Roman's eyes shone as he grinned at the other man, nodding his head slowly.
"You really should've just stuck to my height." He said.
Without warning, he slammed his closed fist into Arthur's jaw. Olivia shrieked, the sound bouncing off of the walls of the room. Before Arthur could retaliate, Kendall had wedged himself between the two men. He reached forward and harshly shoved Arthur in the rest, knocking him back a few paces.
"Don't you dare lay a hand on him." Kendall growled. Arthur scowled, massaging his jaw. He spat blood at the floor in front of Kendall's feet.
"If you're a real man, you would take this outside." He said, looking past Kendall to address Roman. Roman shrugged.
"Good thing I don't care about being your definition of a 'real man'."
Logan cleared his throat from the corner of the room. He was still stationed beside the monitor, and had been watching the altercation play out with a mask of impassivity. The acknowledgment of his presence seemed to suck all noise from the room.
"I think it's time for you to move along," he said simply.
Arthur's fists clenched, the whites of his knuckles bright white. Cora feared for a moment that he would turn his rage towards Logan. Instead he let out a gruff exhale and made for the exit.
"Mack." He barked. "C'mon."
"I'd rather eat my own foot, thanks." She muttered. "Sounds like you're probably not my boss anymore."
Arthur didn't respond. He had paused several feet away from Cora, looking from her to Olivia. Cora knew in his next words even before he had spoken them.

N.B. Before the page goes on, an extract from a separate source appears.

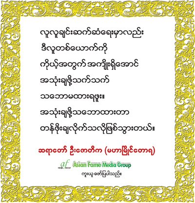 HomeDhammaDhamma Quotesဆရာေတာ္ ဦးေဇာတိက (... ဆရာေတာ္ ဦးေဇာတိက ( မဟာၿမိဳင္ေတာရ ) ၏ တရားဓမၼ Written by Popular December 23, 2016 Estimated reading time: Less than 1 minutes FacebookInstagramTwitter Local News ယနေ့ မင်္ဂလာတောင်ညွှန့် နေအိမ်တိုက်ခန်းမီးလောင်မှုဖြစ်စဥ်၌ မွေးကင်းစကလေးငယ် ၁ ဦးအပါအဝင် ၅ ဦးမီးခိုးမွှန်၍ ဆေးရုံပို့ခဲ့ရ Popular - Local News ကောလင်းနှင့် ဘုတလင်တွင် လက်နက်ကိုင်အဖွဲ့များ၏ လက်နက်ကြီးဖြင့် ပစ်ခတ်မှုကြောင့် ကိုရင် (၂)ပါးနှင့် ကလေးငယ်(၂)ဦး ဒဏ်ရာရ Popular - Local News ပုဂ္ဂလိကဆေးရုံအသစ်များ လိုင်စင်ချပေးရန် ကွင်းဆင်းစစ်ဆေးနေဟု ကျန်းမာရေးဝန်ကြီးပြော Popular - Local News ဖိလစ်ပိုင်နိုင်ငံတွင် လူကုန်ကူးခံရသည့် မြန်မာနိုင်ငံသား (၂၁) ဦးအနက် ပထမအသုတ်အဖြစ် (၄)ဦးအား ပြန်လည်ပို့ဆောင် Popular - Load more Ads Space Available Boost your brand’s visibility with prime ad space on our website—reach your audience effectively and drive results! Call Us at: 09-420209071 Contact Us ထိုင်းရောက်မြန်မာအလုပ်သမားအချို့ စာရွက်စာတမ်းအတုများဖြင့် လိမ်လည်တင်ပြ၍ လျော်ကြေးငွေတောင်းခံမှုများရှိနေ Popular Journal - December 13, 2025 Local News ထိုင်းရောက်မြန်မာအလုပ်သမားအချို့ စာရွက်စာတမ်းအတုများဖြင့် လိမ်လည်တင်ပြ၍ လျော်ကြေးငွေတောင်းခံမှုများရှိနေ Popular Journal - Local News ပွဲချိန်တွင်ပင် မြန်မာ – အင်ဒိုနီးရှား အမျိုးသမီးဖူဆယ်ပွဲစဥ် ပထမပိုင်းတွင် မြန်မာအသင်း (၃) ဂိုး ရှုံးနိမ့်နေ Popular Journal - Local News လွိုင်ကော်စက်မှုဇုန်အတွင်း စက်မှုလုပ်ငန်းများ ပြန်လည်လည်ပတ်နေ Popular Journal - Local News သံဖြူဇရပ်မြို့နယ် ပငစံပြကျေးရွာတွင် မွန်ညီညွတ်ရေးပါတီ၏ အောင်နိုင်ရေးဆိုင်းဘုတ် စိုက်ထူ Popular Journal - Continue reading Popular - February 15, 2023 Local Newsယနေ့ မင်္ဂလာတောင်ညွှန့် နေအိမ်တိုက်ခန်းမီးလောင်မှုဖြစ်စဥ်၌ မွေးကင်းစကလေးငယ် ၁ ဦးအပါအဝင် ၅ ဦးမီးခိုးမွှန်၍ ဆေးရုံပို့ခဲ့ရ ရန်ကုန်တိုင်း၊ မင်္ဂလာတောင်ညွှန့်မြို့နယ်၊ ရေတွင်းကုန်းရပ်ကွက်ရှိ နေအိမ်တိုက်ခန်းတစ်ခု၏ ဒုတိယထပ်တွင် ဖေဖော်ဝါရီ ၁၅ ရက်(ယနေ့)မွန်းလွဲပိုင်းက Level 1 အဆင့်မီးလောင်မှုဖြစ်စဥ်တွင် မွေး ကင်းစကလေးငယ် ၁ ဦးအပါအဝင် ၅ ဦးမီုးခိုးမွှန်သွား၍ ဆေးရုံသို့ပို့ဆောင်ပေးခဲ့ရကြောင်း သိရသည်။ ယနေ့မွန်းလွဲ ၂ နာရီ ၅၀ မိနစ်ခန့်က မင်္ဂလာတောင်ညွန့်မြို့နယ်၊ ရေတွင်းကုန်းရပ်ကွက်၊ (၁၂၂)လမ်း ၏ နေအိမ်တိုက်ခန်းတစ်ခု၏ဒုတိယထပ်ရှိ လျှပ်စစ်ပစ္စည်းဆိုင်မှ မီးစတင်လောင်ကျွမ်းခဲ့ခြင်းဖြစ် သည်။ မီးလောင်မှုအား တာမွေမြို့နယ်မီးသတ်စခန်း၊ မင်္ဂလာတောင်ညွန့်မြို့နယ်မီးသတ်စခန်းတို့မှတပ်ဖွဲ့ဝင်များနှင့် လူမှုကူညီရေးအသင်းများက Level 1 အဆင့်ဖြင့် ဝိုင်းဝန်းငြှိမ်းသတ်ခဲ့ကြသဖြင့် နေ့လည်... Popular - February 15, 2023 Local Newsကောလင်းနှင့် ဘုတလင်တွင် လက်နက်ကိုင်အဖွဲ့များ၏ လက်နက်ကြီးဖြင့် ပစ်ခတ်မှုကြောင့် ကိုရင် (၂)ပါးနှင့် ကလေးငယ်(၂)ဦး ဒဏ်ရာရ စစ်ကိုင်းတိုင်း၊ ကောလင်းနှင့် ဘုတလင်မြို့တို့တွင်

"Oh and by the way, she killed your dad. Have fun with that information." He cast one final, sweeping gaze over the room as if committing the scene to memory. His gaze lingered on Cora, assessing her like one inspects a squashed mosquito for evidence of their own blood. With disgust, he scoffed. "Hope you all burn in hell."
Two things happened the moment he had departed. The first was that Cora realised the person who had come to her aide was Shiv, crouched by her side as her light brows threatened to disappear into her brow line. The hand that had been softly encircling her back had recoiled somewhat, hovering close enough that Cora could feel the edges of warmth radiating from her palm.
The other was that her mind finally caught up with her body. The pain appeared as a hot weighty thud, like someone had just dropped a very large lump of coal on her ankle. But it was secondary only to Arthur's final blow. With the sharp thread of so many pairs of eyes on her, Cora still managed to find Olivia's delicate horror.
Cora couldn't stop what happened next as the tears sprung from her eyes. She began to cry, awful wracking sobs that bounced around her ribcage that built upon themselves, growing violent with each invocation. Cora hadn't cried this was since her mother had died, and like a scream rendered silent for over a decade, she found herself at the mercy of her distress.
"I'm sorry!" The words fell from her lips, pathetic and childlike. "I'm sorry! I'm so sorry! I'm sorry!"
And so she apologised to Olivia for her father, to Shiv for her dishonesty, to Kendall for pretending she wasn't using him to destroy herself. To her mother for denying her grief, to Frank for refusing to know him.
To herself. To Roman.
For everything and nothing, all at once.